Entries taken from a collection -
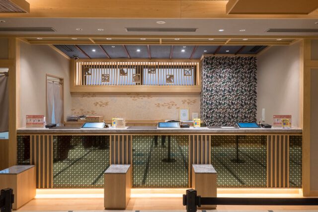 チェックインはスタッフがタブレットを使いながら行います。フロント背後の窓には、鯛や打ち出の小槌、扇といった日本古来の縁起物の木彫りがはめ込まれ、古くから浅草寺と共に賑わう浅草の街の活気を伝えます。
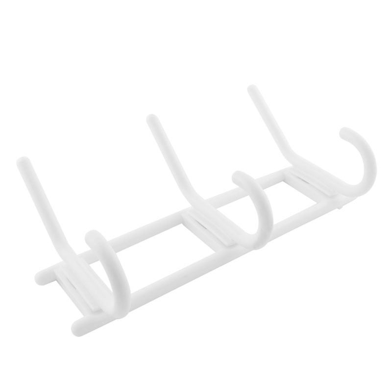Вешалка 3-х крючковая снежно-белого цвета выполнена из прочного ABS пластика. Крючок-вешалка крепится на стену и используется для хранения легких вещей: ветровок, курток, шляп, сумок и т.п. Расстояние между крючками 10 см. Расстояние между отверстиями 10,3 см. Диаметр отверстия 5 мм. Длина вешалки 25,5 см. Пластиковая вешалка имеет эстетичный вид и может использоваться в любой комнате, прихожей, в ванной комнате, на балконе и т.д.
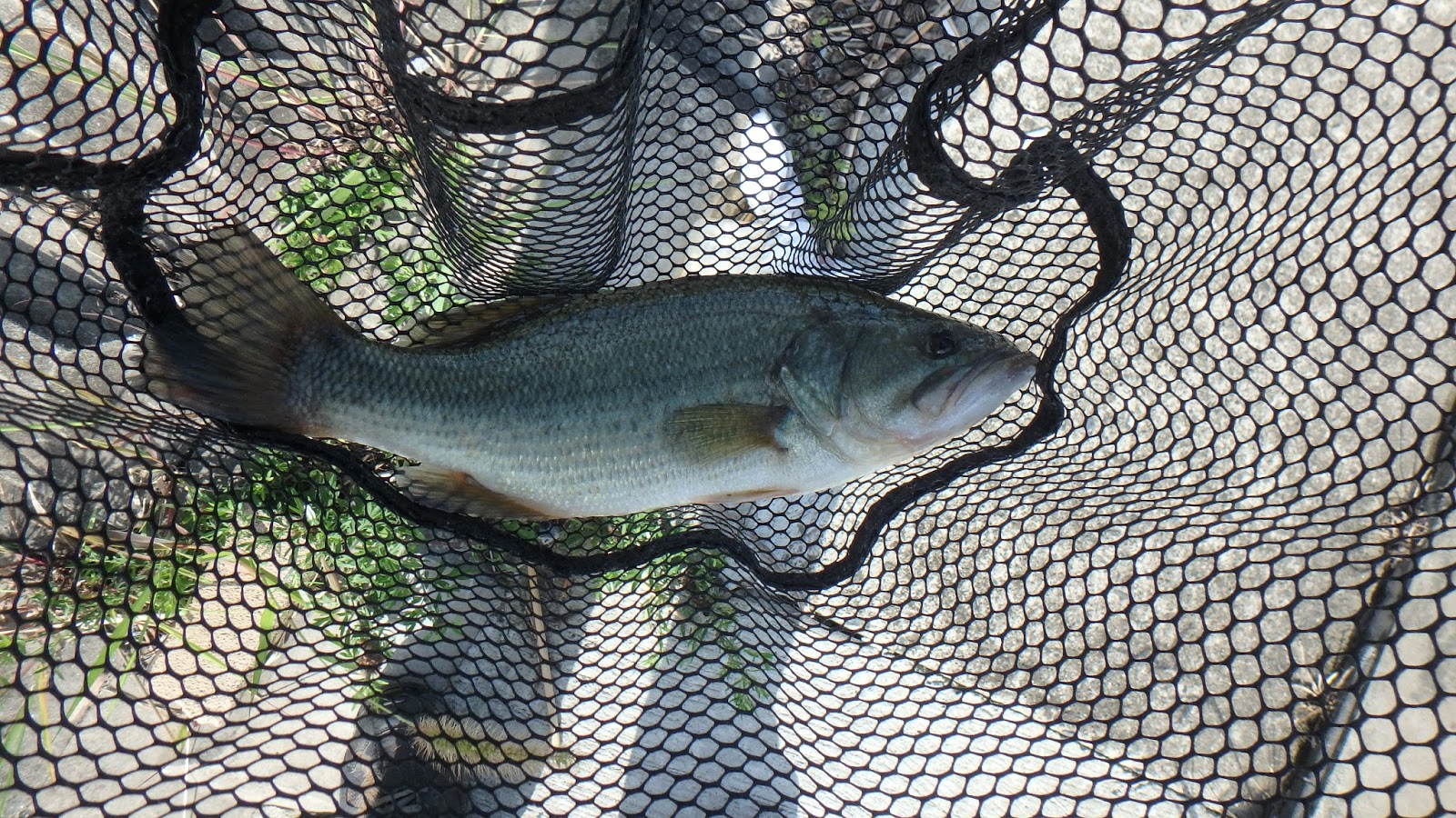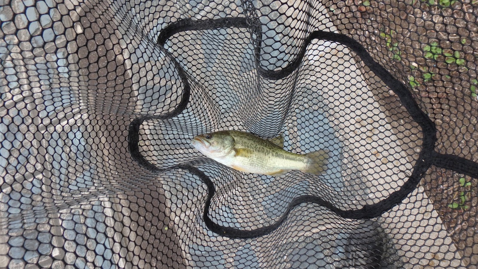ここもネコリグで攻める。とあるポイントでネチネチ攻めているとガツンとキタわ。結構重い引きだ。デカイかもしれない!でもズーナマかな?なんて思ったが、バスの魚体だ!慎重にバトルして、ランディング成功!
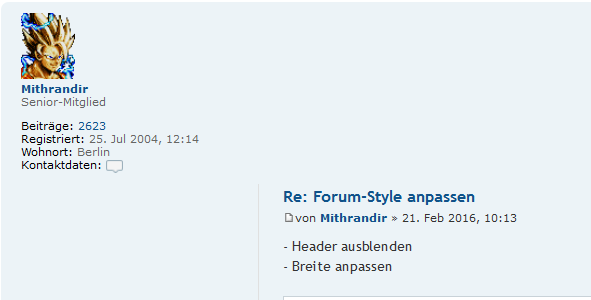 Bislang nutzte ich folgenden Style um das Forum an meine Wünsche anzupassen:
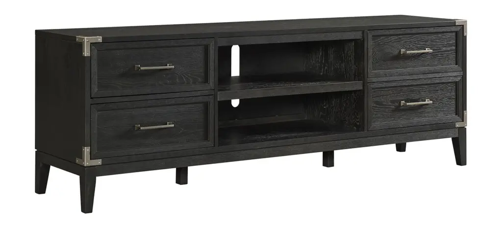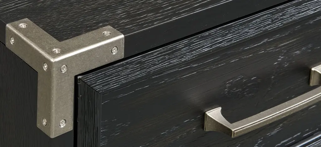 The Laguna Living Room Collection is offered in a wire-brushed multi-step glazed finish, in a complimenting Weathered Steel color. Special features include hardware with an antiqued pewter finish, and decorative metal corner brackets on all items.

Your assignment - In the records above, find the line that contains "Bislang nutzte ich" and retype it and all lines after it exactly, leaving out any pictures.

Answer to this problem -
 Bislang nutzte ich folgenden Style um das Forum an meine Wünsche anzupassen:
 The Laguna Living Room Collection is offered in a wire-brushed multi-step glazed finish, in a complimenting Weathered Steel color. Special features include hardware with an antiqued pewter finish, and decorative metal corner brackets on all items.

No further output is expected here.